* [WHAT IS REQUIRED]: The entire listing, reproduced exactly and stripped of images, is the expected output.
##### GIVEN DATA #####
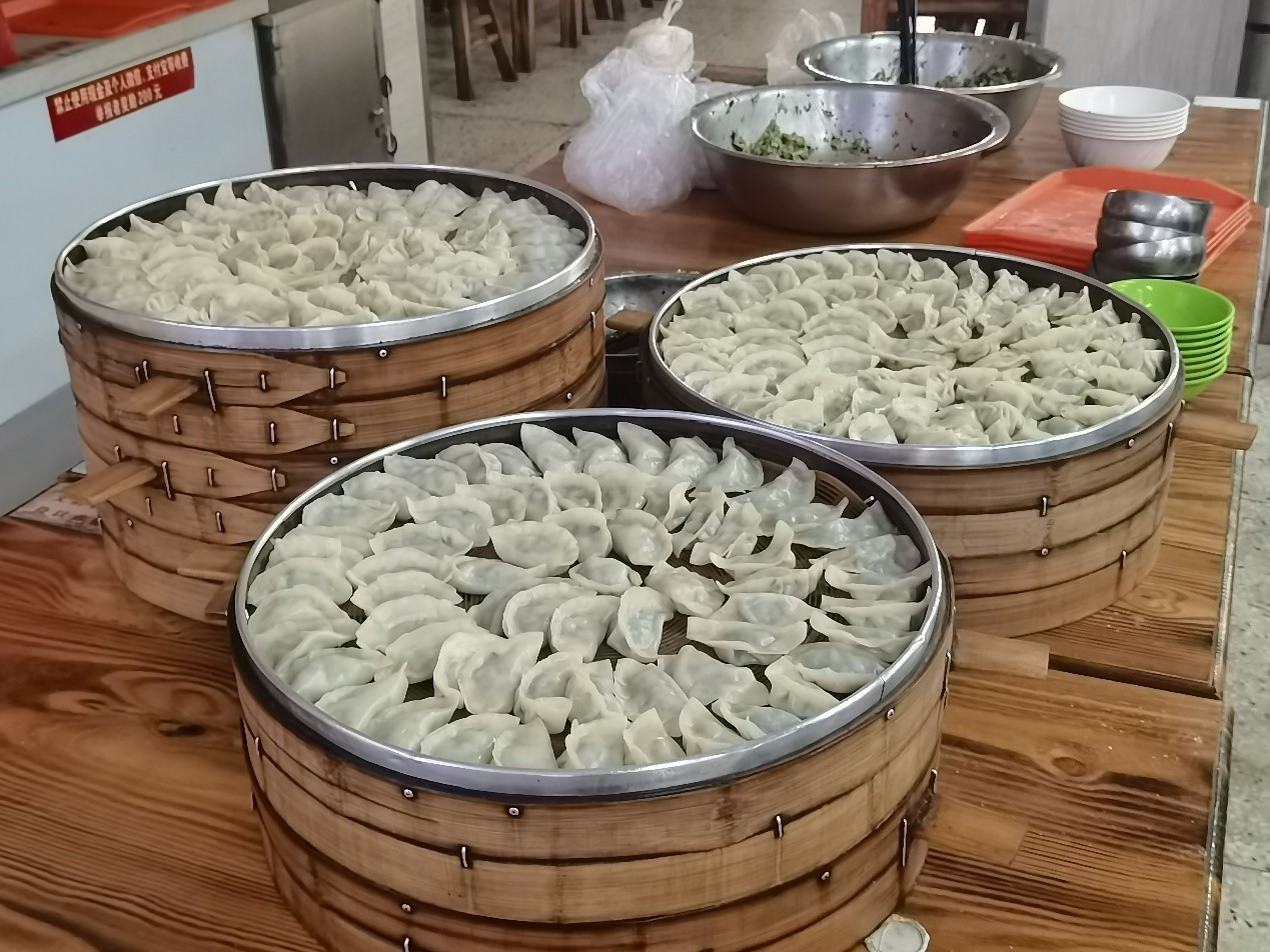 公司提前准备好馅料、饺皮、碗碟、蒸笼等材料工具,大家早早来到场地,热情高涨。活动中,老师和同学们一同上阵。防馅、对折、捏褶,大家团结协作,动作娴熟快速。不一会儿一盘盘饺子就出炉了,整个场地充满了欢笑和喜悦,浓浓的饺香温暖着每一位同学的内心。
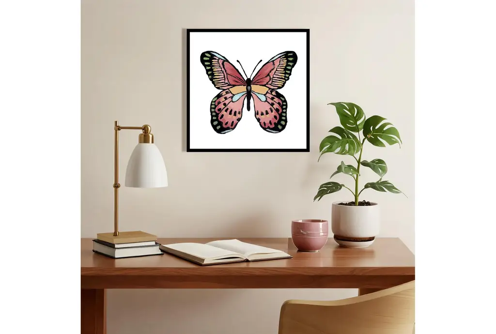 26x26 Vibrant Pink Butterfly With Black Frame | Framed Art | Animals | Print
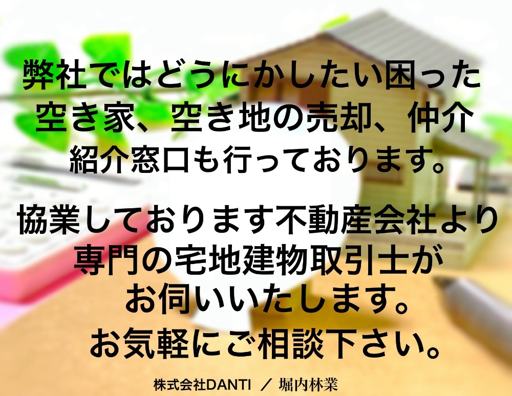 弊社ではどうにかしたい困った空き家、空き地等の売却、仲介、整理、整備等に関する相談、ご紹介窓口も行っております。協業しております不動産会社より専門の宅地建物取引士がお伺いいたします。お気軽にご相談下さい。
#####
* [SOLVED EXERCISE]:
 公司提前准备好馅料、饺皮、碗碟、蒸笼等材料工具,大家早早来到场地,热情高涨。活动中,老师和同学们一同上阵。防馅、对折、捏褶,大家团结协作,动作娴熟快速。不一会儿一盘盘饺子就出炉了,整个场地充满了欢笑和喜悦,浓浓的饺香温暖着每一位同学的内心。
 26x26 Vibrant Pink Butterfly With Black Frame | Framed Art | Animals | Print
 弊社ではどうにかしたい困った空き家、空き地等の売却、仲介、整理、整備等に関する相談、ご紹介窓口も行っております。協業しております不動産会社より専門の宅地建物取引士がお伺いいたします。お気軽にご相談下さい。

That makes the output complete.